As there were no objection about the first patches, which rewrite/enhance the
existing code, Andrew, could you consider them (ie patches 1 to 8 of this
series) for inclusion in -mm ? (I mean, as soon as it is possible, as I guess
you're pretty busy for now with the merge for 2.6.25)
If you prefer, I can resend them separately ?
Thanks,
Pierre
>> It isn't strictly necessary to export a new interface in order to
>> support checkpoint/restart. **. Hence, I think that the speculation
>> "we may need it in the future" is too abstract and isn't a good
>> excuse to commit to a new, currently unneeded, interface.
>
> OTOH it did succeed in starting some conversation :)
>
>> Should the
>> need arise in the future, it will be easy to design a new interface
>> (also based on aggregated experience until then).
>
> What aggregated experience? We have to start somewhere...
>
>> ** In fact, the suggested interface may prove problematic (as noted
>> earlier in this thread): if you first create the resource with some
>> arbitrary identifier and then modify the identifier (in our case,
>> IPC id), then the restart procedure is bound to execute sequentially,
>> because of lack of atomicity.
>
> Hmm? Lack of atomicity wrt what? All the tasks being restarted were
> checkpointed at the same time so there will be no conflict in the
> requested IDs, so I don't know what you're referring to.
>
>> That said, I suggest the following method instead (this is the method
>> we use in Zap to determine the desired resource identifier when a new
>> resource is allocated; I recall that we had discussed it in the past,
>> perhaps the mini-summit in september ?):
>>
>> 1) The process/thread tells the kernel that it wishes to pre-determine
>> the resource identifier of a subsequent call (this can be done via a
>> new syscall, or by writing to /proc/self/...).
>>
>> 2) Each system call that allocates a resource and assigns an identifier
>> is modified to check this per-thread field first; if it is set then
>> it will attempt to allocate that particular value (if already taken,
>> return an error, eg. EBUSY). Otherwise it will proceed as it is today.
>
> But I thought you were just advocating a one-shot filesystem approach
> for c/r, so we wouldn't be creating the resources piecemeal?
>
> The /proc/self approach is one way to go, it has been working for LSMs
> this long. I'd agree that it would be nice if we could have a
> consistent interface to the create_with_id()/set_id() problem. A first
> shot addressing ipcs and pids would be a great start.
>
>> (I left out some details - eg. the kernel will keep the desire value
>> on a per-thread field, when it will be reset, whether we want to also
>> tag the field with its type and so on, but the idea is now clear).
>>
>> The main two advantages are that first, we don't need to devise a new
>> method for every syscall that allocates said resources (sigh... just
>
> Agreed.
>
>> think of clone() nightmare to add a new argument);
>
> Yes, and then there will need to be the clone_with_pid() extension on
> top of that.
>
>> second, the change
>> is incremental: first code the mechanism to set the field, then add
>> support in the IPC subsystem, later in the DEVPTS, then in clone and
>> so forth.
>>
>> Oren.
>>
>> Pierre Peiffer wrote:
>>> Kirill Korotaev wrote:
>>>> Why user space can need this API? for checkpointing only?

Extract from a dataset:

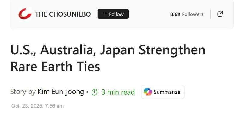 10月23日,韩国的《朝鲜日报》在以“美国、澳大利亚、日本加强稀土整合”为题,报道了美国与澳大利亚签订稀土合作协议后,日美稀土合作也有了新动向得消息。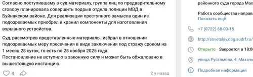 "Согласно поступившему в суд материалу, группа лиц по предварительному сговору планировала совершить подрыв отдела полиции МВД в Буйнакском районе. Для реализации преступного замысла один из подозреваемых приобрел и хранил компоненты для изготовления взрывного устройства", - говорится в публикации.

>>> I would say "at least for checkpointing"... ;) May be someone else may
>>> find an
>>> interest about this for something else.
>>> In fact, I'm sure that you have some interest in checkpointing; and thus,
>>> you
>>> have probably some ideas in mind; but whatever the solution you will
>>> propose,
>>> I'm pretty sure that I could say the same thing for your solution.
>>> And what I finally think is: even if it's for "checkpointing only", if
>>> many
>>> people are interested by this, it may be sufficient to push this ?
>>>> Then I would not consider it for inclusion until it is clear how to
>>>> implement checkpointing.
>>>> As for me personally - I'm against exporting such APIs, since they are
>>>> not needed in real-life user space applications and maintaining it
>>>> forever for compatibility doesn't worth it.
>>> Maintaining these patches is not a big deal, really, but this is not the
>>> main
>>> point; the "need in real life" (1) is in fact the main one, and then, the
>>> "is
>>> this solution the best one ?" (2) the second one.
>>> About (1), as said in my first mail, as the namespaces and containers are
>>> being
>>> integrated into the mainline kernel, checkpoint/restart is (or will be)
>>> the next
>>> need.
>>> About (2), my solution propose to do that, as much as possible from
>>> userspace,
>>> to minimize the kernel impact. Of course, this is subject to discussion.
>>> My
>>> opinion is that doing a full checkpoint/restart from kernel space will
>>> need lot
>>> of new specific and intrusive code; I'm not sure that this will be
>>> acceptable by
>>> the community. But this is my opinion only. Discusion is opened.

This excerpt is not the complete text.